# Advice on a teleconverter



## TexasAggie07 (Jun 30, 2011)

Howdy guys, 

I have a Cannon 60D and a Cannon EF 70-300mm 1:4-5.6 IS USM lense and I was wanting to get a teleconverter for it. I would much rather buy a longer lens but that is not in the cards atm. I was wondering if anyone knew if the Cannon teleconverters either 1.4 or 2x would work on my camera lens, it is not listed in the compatability chart. I am wondering 1) will it even hook up to that lens and 2) will any of the autofocus features work with it?

Thanks for the help guys!

Brian

Oh and also on a side note there are alot of lenses for cheap from Bower that are like 1300mm or something crazy like that for under 300 bucks are these worth buying to play with or are they expensive paper weights. I have no ambition to go pro with this just a very addicting hobby!


----------



## joealcantar (Jun 30, 2011)

From what I remember 5.6 is the key # as once most cameras go beyond this you lose the autofocus funtion on most of them.  So with the lens you have and it being 4.0-5.6 I would choose the 1.4 if it converts to 5.6 on the lower end of the lens scale , but once you zoom out to 300mm you will go beyond that and lose the auto focusing. 
Here is an article with some good info and mentions your camera: 
Teleconverters and autofocus: What every wildlife photographer should know | Improve Photography
-
Shoot well, Joe


----------



## TexasAggie07 (Jun 30, 2011)

Thanks! That was a very informative read!


----------



## Big Mike (Jun 30, 2011)

That's right.

Most cameras need F5.6 or larger, in order to get enough light for the AF system to work properly.  Teleconverters 'eat' some light.  I think it's about 1 to 1.5 stops for a 1.4X and about two stops for a 2.0X.  So if you put a teleconverter behind a 'slow' lens like that, your camera won't be getting enough light for the AF and it may not work.  
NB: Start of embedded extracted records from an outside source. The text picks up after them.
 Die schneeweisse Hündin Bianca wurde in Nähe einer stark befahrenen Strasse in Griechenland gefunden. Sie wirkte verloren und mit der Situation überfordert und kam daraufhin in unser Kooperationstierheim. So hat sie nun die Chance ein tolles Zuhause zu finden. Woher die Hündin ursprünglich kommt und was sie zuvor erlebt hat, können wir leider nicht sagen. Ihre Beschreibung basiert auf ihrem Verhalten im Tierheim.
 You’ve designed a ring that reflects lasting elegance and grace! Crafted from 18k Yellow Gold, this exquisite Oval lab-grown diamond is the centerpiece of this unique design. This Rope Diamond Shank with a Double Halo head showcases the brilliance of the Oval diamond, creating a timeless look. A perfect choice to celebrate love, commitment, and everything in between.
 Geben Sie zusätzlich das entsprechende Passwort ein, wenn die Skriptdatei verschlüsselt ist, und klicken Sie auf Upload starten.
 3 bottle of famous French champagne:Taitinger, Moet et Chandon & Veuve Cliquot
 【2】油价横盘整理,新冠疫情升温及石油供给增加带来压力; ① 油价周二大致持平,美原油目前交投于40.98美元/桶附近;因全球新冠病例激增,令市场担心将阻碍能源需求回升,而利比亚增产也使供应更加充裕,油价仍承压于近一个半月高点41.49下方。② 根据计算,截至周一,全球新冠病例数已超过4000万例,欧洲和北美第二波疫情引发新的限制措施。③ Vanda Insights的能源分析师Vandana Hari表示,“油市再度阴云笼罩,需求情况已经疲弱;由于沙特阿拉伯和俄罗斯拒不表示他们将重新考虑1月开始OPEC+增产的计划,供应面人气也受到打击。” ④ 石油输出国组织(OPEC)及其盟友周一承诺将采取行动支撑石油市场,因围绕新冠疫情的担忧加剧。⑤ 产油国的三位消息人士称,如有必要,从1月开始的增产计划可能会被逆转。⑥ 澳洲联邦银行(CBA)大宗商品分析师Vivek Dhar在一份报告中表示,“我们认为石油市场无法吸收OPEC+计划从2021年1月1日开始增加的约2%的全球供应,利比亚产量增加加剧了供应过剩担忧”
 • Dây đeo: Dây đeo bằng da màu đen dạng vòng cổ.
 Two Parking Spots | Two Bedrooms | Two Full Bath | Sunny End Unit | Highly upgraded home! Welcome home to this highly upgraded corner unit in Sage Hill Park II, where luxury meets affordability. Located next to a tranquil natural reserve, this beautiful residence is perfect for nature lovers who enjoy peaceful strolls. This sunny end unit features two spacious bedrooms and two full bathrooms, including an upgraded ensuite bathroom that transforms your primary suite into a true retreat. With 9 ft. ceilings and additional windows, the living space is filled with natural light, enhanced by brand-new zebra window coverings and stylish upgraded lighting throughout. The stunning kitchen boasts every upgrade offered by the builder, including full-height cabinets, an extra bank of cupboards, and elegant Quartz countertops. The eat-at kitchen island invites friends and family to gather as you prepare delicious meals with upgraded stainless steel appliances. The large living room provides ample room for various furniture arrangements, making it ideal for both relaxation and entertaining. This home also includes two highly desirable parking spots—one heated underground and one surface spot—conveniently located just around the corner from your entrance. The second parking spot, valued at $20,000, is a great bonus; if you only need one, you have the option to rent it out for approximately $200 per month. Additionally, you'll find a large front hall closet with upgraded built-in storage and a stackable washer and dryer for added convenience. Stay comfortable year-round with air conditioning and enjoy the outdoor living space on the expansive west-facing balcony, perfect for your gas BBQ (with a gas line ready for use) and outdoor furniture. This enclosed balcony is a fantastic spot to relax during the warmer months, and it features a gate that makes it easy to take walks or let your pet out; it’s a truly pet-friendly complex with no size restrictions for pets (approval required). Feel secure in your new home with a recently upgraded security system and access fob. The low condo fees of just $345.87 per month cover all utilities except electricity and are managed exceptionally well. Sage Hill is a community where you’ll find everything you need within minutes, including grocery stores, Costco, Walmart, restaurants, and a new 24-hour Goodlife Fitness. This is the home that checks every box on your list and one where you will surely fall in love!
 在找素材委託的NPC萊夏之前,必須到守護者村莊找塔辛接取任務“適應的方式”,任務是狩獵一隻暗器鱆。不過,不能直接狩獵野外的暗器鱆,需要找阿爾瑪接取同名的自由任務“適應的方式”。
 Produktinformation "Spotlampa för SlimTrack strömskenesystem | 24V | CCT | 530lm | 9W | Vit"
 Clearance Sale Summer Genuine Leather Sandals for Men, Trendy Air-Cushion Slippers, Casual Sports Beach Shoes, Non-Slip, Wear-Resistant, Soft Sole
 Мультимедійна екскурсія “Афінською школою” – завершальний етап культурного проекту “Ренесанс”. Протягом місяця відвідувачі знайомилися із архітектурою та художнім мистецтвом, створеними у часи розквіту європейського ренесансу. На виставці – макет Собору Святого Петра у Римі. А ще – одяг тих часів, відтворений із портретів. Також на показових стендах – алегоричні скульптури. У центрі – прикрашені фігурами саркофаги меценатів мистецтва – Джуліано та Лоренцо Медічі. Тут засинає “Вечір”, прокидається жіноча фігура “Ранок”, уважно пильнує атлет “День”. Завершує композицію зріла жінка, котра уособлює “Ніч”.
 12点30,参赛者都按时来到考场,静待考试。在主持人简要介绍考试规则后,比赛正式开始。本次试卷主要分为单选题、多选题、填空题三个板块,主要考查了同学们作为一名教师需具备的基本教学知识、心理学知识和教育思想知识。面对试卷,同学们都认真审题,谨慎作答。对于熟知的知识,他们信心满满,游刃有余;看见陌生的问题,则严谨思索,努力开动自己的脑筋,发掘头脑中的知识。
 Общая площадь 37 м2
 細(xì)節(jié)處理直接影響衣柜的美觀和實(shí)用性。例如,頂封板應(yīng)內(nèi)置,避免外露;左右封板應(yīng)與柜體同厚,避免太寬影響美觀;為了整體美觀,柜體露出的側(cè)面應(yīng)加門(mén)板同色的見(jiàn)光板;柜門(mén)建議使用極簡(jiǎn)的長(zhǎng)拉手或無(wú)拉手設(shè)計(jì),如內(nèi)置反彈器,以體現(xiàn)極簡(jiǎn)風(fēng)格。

Actually, Canon has a short list of lenses that are 'compatible' with their teleconverters...and they are F2.8 primes or zoom...maybe an F4 but I'm not sure.  I'm not sure if you could use a Canon TC with that lens or not.  You could certainly use an off-brand TC, but the same AF issues exist.  I have a Tamron 2X TC that I occasionally use with a 70-300mm lens....and yes, AF usually doesn't work.  Not to mention that the image quality is hit or miss as to whether it's going to be better than just shooting at 300mm and cropping the image later.  
And that may be a decent option for you.  The 60D has 18 megapixels, which should be plenty of room for cropping, provided that you maximize the sharpness of the photo (fast shutter speed, tripod etc.)  


> Oh and also on a side note there are alot of lenses for cheap from Bower that are like 1300mm or something crazy like that for under 300 bucks are these worth buying to play with or are they expensive paper weights. I have no ambition to go pro with this just a very addicting hobby!


There are a few reviews of lenses like that, maybe even a thread or two on this forum (a few years ago).  I think that the general consensus is that they might be fun to play with, but the image quality is so far below what you would want...that the images are all but unusable.  Also consider how hard they would be to shoot with.  I think the typical scenario is a 500mm or 800mm lens with a fixed aperture of F8.  Then then include a 2X TC, giving you 1000mm or 1600mm and an aperture of F16.  
Now, if you know anything about exposure...in anything but really bright sunlight, F16 is going to require a rather slow shutter speed.  And because of the huge focal length, you would need a really fast shutter speed to get a shot without blur from camera shake.  Even with the rig on a good tripod, something that long is going to move a little and give you blur at that focal length.


----------